The IP₃ receptor and Ca²⁺ signaling in trypanosomes

Abstract

Trypanosoma cruzi, and the T. brucei group of parasites cause neglected diseases that affect millions of people around the world. These unicellular microorganisms have complex life cycles involving an insect vector and a mammalian host. Both groups of pathogens possess an inositol 1,4,5-trisphosphate (IP₃)/diacylglycerol (DAG) signaling pathway, and an IP₃ receptor, but with lineage-specific adaptations that make them different from their mammalian counterparts. The phospholipase C (PLC), which hydrolyzes phosphatidyl inositol 4,5-bisphosphate (PIP₂) to IP₃ is N-terminally myristoylated and palmitoylated. Acidocalcisomes, which are lysosome-related organelles rich in polyphosphate, are the main intracellular Ca²⁺ stores. The inositol 1,4,5-trisphosphate receptor (IP₃R) localizes to acidocalcisomes instead of the endoplasmic reticulum. The trypanosome IP₃R is stimulated by luminal phosphate and pyrophosphate, which are hydrolysis products of polyphosphate (polyP), and inhibited by tripolyphosphate (polyP₃), which is the most abundant polyP in acidocalcisomes. Ca²⁺ signaling is important for host cell invasion and differentiation and to maintain cellular bioenergetics.

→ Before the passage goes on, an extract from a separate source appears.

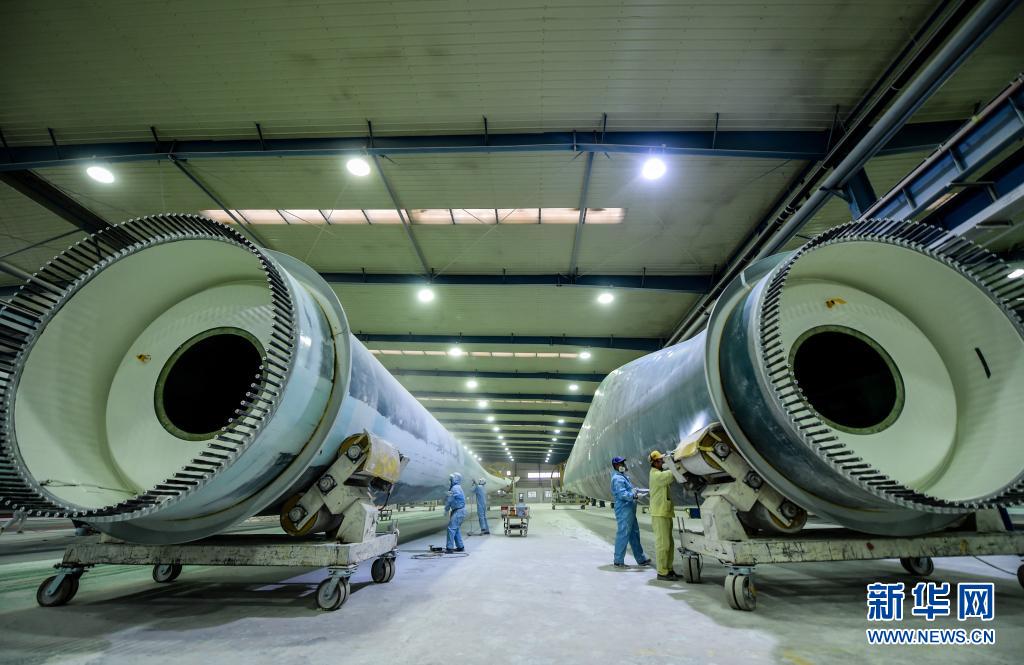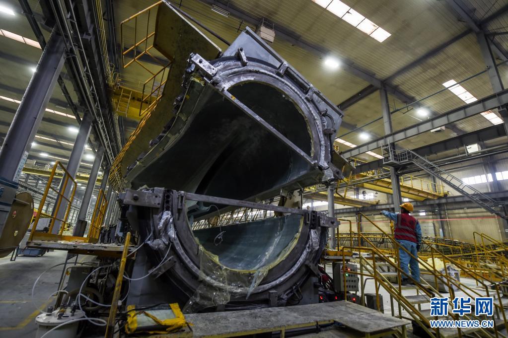 3月17日,在鄂爾多斯裝備制造工業(yè)園區(qū)內(nèi),一家新材料科技股份有限公司的工人在車間內(nèi)監(jiān)視風(fēng)葉合模過(guò)程。新華社記者 彭源 攝

1. Trypanosomes and acidocalcisomes.

T. cruzi is the etiologic agent of Chagas disease or American trypanosomiasis, which is vector-borne disease endemic from the South of the United States to the South or Argentina and Chile. However, cases of this disease have been detected all over the world because of migratory activity [1]. Its life cycle involves vector stages (epimastigote, and metacyclic trypomastigote) and mammalian stages (bloodstream trypomastigote, and intracellular amastigote). When the infected vector (triatomine) takes a blood meal it releases metacyclic trypomastigotes in its feces near the site of the bite wound. These trypomastigotes enter the host through the wound or through intact mucosal membranes, such as the conjunctiva, and invade nucleated cells where they transform into intracellular amastigotes. After replicating for 4–5 days, amastigotes are converted to cell-derived trypomastigotes, which are released into the circulation to infect other cells or to be ingested by another vector. In the vector, cell-derived trypomastigotes differentiate into epimastigotes, duplicate by binary fission in the midgut, and transform into metacyclic trypomastigotes in the hind gut to start a new cycle. The T. brucei group of parasites includes subspecies that cause human African trypanosomiasis (sleeping sickness), and nagana in cattle, and their occurrence is limited to the African continent. Two main stages of these parasites are usually studied: procyclic trypomastigotes (vector stage) and bloodstream trypomastigotes (mammalian stage). When the infected vector (tsetse fly) takes a blood meal it releases metacyclic trypomastigotes into the skin. The parasites enter the lymphatic system and pass into the bloodstream where they transform into bloodstream trypomastigotes, which reach different tissues and replicate while in circulation. The tsetse fly gets infected with bloodstream trypomastigotes when taking a blood meal on the mammalian host. The parasites transform into procyclic trypomastigotes in the midgut of the vector, multiply by binary fission, leave the midgut, and transform into epimastigotes. The epimastigotes reach the salivary glands and continue multiplication by binary fission to finally differentiate into metacyclic trypomastigotes to close the cycle.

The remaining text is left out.